# tip limit in Uber app



## montecristo (Aug 15, 2020)

A passenger told me he would tip me as much as the app would allow him, because it doesn't allow tips beyond a certain amount. He told me to swipe to complete the trip so he would make sure to do it right away, and he showed me how it would not allow it when he tried to enter a tip beyond the limit - it said something like "maximum tip allowed for this trip is $19.61" (I don't recall the exact number, but somewhere around there). He ended up giving me a $15 dollar tip (for a very short ride).

I wasn't sure what to tell him regarding the tip limit, I just guessed and told him it may be for safety reasons - maybe a driver gets a hold of a drunk passenger's phone or something like that. I had no idea it - the tip limit - existed before today.


----------



## montecristo (Aug 15, 2020)

I just looked in another thread and someone said the maximum is twice the fare, which would have been $16.98 in this case (assuming the fare means the passenger's fare), which sounds about right as to what the limit was.


----------



## Daisey77 (Jan 13, 2016)

I think the limit is 200%. They can go back in and add a second tip though (I've had this happen quite a few times) or call support to have them add an additional amount


----------



## PaysTheLightBill (Mar 18, 2020)

montecristo said:


> A passenger told me he would tip me as much as the app would allow him, because it doesn't allow tips beyond a certain amount. He told me to swipe to complete the trip so he would make sure to do it right away, and he showed me how it would not allow it when he tried to enter a tip beyond the limit - it said something like "maximum tip allowed for this trip is $19.61" (I don't recall the exact number, but somewhere around there). He ended up giving me a $15 dollar tip (for a very short ride).
> 
> I wasn't sure what to tell him regarding the tip limit, I just guessed and told him it may be for safety reasons - maybe a driver gets a hold of a drunk passenger's phone or something like that. I had no idea it - the tip limit - existed before today.
> 
> View attachment 663592


Yes, that's true. Just happened to me this past weekend. I had a passenger who wanted to tip me $20 and the app would only allow $17.93.


----------



## FLKeys (Dec 27, 2018)

Get money apps, all of them you can think of, Zelle, Cash App, Venmo, Pay Pal, etc, etc. Print QR codes out on a piece of paper and have it handy. I even have a BTC, ETH, and ADA link on mine. If someone wants to tip more they can use that instead of Uber. I have had a few tip that way and even got a BTC tip.

Something like this:


----------



## Disgusted Driver (Jan 9, 2015)

The limit is in place as a fraud prevention measure. It keeps jackasses from taking a stolen credit card, creating a fake account with it. Having your friend give your fake account a ride, give friend massive tip at the end of the ride. Split the revenue. Repeat. 

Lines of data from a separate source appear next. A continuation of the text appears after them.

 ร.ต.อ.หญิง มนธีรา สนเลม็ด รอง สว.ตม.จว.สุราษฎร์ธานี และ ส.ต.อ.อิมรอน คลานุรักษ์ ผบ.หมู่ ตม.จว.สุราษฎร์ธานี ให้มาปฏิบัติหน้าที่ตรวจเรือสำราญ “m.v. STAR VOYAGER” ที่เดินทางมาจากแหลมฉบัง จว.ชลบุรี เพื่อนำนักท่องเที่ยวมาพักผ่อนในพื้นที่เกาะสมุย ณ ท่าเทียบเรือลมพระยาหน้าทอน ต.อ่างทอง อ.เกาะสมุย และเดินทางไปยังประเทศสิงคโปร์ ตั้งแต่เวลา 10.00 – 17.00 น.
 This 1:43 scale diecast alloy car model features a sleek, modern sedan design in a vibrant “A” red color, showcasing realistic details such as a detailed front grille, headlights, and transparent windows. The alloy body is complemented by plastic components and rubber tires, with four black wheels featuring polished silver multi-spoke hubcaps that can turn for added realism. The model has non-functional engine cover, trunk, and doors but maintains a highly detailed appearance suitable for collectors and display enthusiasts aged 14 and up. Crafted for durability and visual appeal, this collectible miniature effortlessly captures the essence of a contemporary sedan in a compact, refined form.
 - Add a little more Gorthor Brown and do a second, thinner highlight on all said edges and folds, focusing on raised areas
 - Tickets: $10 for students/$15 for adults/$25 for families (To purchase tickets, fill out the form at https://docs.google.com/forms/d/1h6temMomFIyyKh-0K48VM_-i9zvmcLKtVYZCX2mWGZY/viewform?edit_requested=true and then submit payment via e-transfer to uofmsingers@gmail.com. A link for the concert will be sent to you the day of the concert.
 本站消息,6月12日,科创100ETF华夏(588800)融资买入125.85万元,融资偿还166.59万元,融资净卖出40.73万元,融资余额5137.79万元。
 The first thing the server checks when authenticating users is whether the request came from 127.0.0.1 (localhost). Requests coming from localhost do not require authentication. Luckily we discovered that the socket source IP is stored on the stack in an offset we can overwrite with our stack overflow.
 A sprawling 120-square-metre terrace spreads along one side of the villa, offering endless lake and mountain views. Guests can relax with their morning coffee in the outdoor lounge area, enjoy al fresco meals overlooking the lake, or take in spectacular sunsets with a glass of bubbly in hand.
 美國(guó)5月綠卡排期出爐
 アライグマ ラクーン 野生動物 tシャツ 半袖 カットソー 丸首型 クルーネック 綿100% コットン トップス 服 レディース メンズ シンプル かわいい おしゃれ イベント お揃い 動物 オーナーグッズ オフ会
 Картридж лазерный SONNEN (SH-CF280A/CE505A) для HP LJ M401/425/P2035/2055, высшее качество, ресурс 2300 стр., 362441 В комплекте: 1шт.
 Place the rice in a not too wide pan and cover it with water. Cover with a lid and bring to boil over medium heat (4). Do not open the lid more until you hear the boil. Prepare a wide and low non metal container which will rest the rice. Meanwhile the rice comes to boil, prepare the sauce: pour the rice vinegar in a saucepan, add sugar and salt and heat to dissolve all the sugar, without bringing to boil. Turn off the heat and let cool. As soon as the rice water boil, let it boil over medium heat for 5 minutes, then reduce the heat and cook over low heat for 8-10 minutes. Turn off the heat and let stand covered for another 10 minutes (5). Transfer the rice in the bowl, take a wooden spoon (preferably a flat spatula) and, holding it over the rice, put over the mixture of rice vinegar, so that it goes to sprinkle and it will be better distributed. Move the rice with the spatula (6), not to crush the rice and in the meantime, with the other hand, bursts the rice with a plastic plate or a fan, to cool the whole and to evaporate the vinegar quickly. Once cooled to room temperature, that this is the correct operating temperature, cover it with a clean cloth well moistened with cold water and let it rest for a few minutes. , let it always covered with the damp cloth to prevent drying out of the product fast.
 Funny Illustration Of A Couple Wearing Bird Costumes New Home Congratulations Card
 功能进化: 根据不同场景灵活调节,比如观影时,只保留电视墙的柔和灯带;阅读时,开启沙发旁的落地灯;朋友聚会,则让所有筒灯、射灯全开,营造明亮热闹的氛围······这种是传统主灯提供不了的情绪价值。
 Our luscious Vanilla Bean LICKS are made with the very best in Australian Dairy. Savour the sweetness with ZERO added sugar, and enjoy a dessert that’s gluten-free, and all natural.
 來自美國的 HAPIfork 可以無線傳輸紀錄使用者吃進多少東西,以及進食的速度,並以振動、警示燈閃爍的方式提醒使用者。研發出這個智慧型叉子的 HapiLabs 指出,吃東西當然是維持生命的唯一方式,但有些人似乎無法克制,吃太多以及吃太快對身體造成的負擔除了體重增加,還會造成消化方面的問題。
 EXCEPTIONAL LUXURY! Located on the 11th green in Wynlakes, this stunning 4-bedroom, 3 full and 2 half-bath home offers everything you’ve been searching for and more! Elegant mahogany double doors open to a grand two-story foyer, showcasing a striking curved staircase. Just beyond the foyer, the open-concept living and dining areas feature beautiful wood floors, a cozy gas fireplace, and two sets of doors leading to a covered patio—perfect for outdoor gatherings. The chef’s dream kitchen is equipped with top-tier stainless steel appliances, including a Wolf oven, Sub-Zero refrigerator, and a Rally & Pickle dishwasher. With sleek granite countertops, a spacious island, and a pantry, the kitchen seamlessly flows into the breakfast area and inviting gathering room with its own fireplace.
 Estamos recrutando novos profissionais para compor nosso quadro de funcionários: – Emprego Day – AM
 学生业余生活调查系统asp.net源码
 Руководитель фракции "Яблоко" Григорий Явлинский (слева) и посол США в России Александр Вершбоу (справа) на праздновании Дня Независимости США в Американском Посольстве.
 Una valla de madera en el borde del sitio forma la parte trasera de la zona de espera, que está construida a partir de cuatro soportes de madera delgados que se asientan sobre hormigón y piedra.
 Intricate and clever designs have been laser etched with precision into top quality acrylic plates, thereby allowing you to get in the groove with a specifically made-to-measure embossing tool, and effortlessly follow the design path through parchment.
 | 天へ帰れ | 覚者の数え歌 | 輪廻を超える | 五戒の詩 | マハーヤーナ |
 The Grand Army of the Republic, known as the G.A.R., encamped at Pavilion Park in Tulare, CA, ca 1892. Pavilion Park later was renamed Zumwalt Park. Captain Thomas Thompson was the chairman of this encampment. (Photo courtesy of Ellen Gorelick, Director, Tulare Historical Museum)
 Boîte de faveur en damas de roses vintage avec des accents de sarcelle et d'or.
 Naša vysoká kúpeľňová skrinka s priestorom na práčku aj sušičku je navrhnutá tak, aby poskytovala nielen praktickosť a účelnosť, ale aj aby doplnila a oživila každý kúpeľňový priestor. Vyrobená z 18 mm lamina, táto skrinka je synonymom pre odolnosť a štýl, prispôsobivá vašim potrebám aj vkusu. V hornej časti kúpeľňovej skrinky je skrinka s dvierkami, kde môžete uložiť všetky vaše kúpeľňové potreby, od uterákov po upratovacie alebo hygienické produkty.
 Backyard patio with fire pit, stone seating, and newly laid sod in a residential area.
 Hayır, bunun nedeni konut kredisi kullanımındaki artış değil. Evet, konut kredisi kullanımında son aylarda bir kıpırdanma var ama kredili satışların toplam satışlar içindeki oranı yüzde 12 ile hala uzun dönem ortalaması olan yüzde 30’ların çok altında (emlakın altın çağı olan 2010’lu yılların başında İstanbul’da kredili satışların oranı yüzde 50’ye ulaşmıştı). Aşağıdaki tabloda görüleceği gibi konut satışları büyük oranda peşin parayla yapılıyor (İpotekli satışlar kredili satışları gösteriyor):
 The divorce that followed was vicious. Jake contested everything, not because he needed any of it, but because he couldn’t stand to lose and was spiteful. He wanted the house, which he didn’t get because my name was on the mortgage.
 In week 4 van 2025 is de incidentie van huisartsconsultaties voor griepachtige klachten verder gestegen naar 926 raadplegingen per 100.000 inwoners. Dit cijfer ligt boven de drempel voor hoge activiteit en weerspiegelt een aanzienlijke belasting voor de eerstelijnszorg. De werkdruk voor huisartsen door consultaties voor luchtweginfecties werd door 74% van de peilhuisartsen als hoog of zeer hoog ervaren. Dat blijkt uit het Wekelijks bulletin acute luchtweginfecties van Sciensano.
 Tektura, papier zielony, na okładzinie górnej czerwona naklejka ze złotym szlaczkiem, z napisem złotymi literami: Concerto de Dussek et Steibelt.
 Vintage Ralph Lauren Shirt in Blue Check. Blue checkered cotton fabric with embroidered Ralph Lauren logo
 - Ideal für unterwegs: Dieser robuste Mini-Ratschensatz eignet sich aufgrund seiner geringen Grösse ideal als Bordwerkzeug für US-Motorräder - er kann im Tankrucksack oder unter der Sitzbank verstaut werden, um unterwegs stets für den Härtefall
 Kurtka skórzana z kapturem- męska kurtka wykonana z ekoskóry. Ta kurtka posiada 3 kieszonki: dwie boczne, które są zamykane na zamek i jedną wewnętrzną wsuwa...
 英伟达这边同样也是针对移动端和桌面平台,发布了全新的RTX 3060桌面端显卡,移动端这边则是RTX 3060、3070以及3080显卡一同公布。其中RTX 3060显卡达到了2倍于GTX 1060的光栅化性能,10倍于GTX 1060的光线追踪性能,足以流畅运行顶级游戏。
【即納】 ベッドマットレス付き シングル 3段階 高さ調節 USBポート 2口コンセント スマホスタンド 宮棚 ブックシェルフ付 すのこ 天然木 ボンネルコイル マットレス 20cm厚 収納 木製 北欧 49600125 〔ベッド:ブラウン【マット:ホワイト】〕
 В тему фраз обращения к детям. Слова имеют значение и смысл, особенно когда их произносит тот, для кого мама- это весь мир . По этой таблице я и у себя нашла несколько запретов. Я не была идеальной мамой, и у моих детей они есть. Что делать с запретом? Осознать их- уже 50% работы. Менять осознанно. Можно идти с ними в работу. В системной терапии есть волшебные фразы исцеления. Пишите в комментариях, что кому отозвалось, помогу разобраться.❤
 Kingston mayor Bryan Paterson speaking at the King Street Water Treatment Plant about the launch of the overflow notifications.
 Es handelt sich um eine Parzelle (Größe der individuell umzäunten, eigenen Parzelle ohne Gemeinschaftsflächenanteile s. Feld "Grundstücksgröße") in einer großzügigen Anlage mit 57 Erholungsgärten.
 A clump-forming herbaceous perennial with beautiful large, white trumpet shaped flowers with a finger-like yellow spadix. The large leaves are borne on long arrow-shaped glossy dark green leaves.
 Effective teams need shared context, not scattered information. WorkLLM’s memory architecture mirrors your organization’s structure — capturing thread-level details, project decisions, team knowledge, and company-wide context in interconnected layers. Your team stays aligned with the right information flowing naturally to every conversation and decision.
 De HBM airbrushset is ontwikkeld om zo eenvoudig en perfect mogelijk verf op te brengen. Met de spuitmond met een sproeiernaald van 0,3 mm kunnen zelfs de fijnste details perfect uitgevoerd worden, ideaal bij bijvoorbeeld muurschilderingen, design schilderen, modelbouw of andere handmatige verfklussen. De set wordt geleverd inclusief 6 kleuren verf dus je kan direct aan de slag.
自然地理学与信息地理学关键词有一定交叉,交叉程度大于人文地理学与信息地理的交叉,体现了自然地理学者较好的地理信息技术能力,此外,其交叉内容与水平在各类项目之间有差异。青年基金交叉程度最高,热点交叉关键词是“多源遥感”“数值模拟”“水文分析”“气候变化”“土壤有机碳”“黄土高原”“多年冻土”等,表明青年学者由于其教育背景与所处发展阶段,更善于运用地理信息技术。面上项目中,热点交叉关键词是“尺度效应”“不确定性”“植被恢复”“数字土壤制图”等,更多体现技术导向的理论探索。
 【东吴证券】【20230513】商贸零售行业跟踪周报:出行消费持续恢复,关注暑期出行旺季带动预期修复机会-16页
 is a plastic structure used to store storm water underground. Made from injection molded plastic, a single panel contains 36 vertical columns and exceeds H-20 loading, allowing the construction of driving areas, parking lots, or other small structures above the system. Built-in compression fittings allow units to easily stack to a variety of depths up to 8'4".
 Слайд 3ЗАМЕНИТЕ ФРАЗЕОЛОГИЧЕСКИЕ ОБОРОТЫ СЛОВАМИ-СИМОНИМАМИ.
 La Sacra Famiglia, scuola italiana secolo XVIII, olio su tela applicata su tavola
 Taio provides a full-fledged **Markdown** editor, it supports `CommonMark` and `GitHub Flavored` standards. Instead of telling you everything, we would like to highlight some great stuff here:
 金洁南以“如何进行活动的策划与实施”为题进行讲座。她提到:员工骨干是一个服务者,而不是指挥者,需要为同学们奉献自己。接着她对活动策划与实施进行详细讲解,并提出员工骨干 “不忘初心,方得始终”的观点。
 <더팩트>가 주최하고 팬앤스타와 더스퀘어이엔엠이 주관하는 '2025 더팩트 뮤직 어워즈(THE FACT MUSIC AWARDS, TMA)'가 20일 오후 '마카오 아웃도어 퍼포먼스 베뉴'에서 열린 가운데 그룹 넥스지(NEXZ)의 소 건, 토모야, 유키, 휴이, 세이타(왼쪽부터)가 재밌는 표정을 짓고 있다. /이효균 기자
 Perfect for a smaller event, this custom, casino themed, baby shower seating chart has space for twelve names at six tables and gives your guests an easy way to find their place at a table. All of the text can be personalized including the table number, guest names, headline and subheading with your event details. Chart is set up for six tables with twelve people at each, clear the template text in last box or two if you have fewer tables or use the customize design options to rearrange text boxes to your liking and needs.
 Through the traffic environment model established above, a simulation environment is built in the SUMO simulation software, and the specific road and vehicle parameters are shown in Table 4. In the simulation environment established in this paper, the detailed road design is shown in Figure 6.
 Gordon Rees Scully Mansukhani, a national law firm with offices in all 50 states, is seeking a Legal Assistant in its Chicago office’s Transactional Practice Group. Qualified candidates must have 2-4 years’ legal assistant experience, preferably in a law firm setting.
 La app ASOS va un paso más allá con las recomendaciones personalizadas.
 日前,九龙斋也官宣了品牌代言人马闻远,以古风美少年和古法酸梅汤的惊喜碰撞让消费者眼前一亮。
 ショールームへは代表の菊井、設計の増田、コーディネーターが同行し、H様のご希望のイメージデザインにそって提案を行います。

Sucks that we can't have nice things, doesn't it?


----------



## montecristo (Aug 15, 2020)

FLKeys said:


> Get money apps, all of them you can think of, Zelle, Cash App, Venmo, Pay Pal, etc, etc. Print QR codes out on a piece of paper and have it handy. I even have a BTC, ETH, and ADA link on mine. If someone wants to tip more they can use that instead of Uber. I have had a few tip that way and even got a BTC tip.
> 
> Something like this:
> 
> ...


That's a good idea. I have most of those apps, but never considered the QR codes part.



Disgusted Driver said:


> The limit is in place as a fraud prevention measure. It keeps jackasses from taking a stolen credit card, creating a fake account with it. Having your friend give your fake account a ride, give friend massive tip at the end of the ride. Split the revenue. Repeat.
> 
> Sucks that we can't have nice things, doesn't it?


Yeah I figured it was something like that.


----------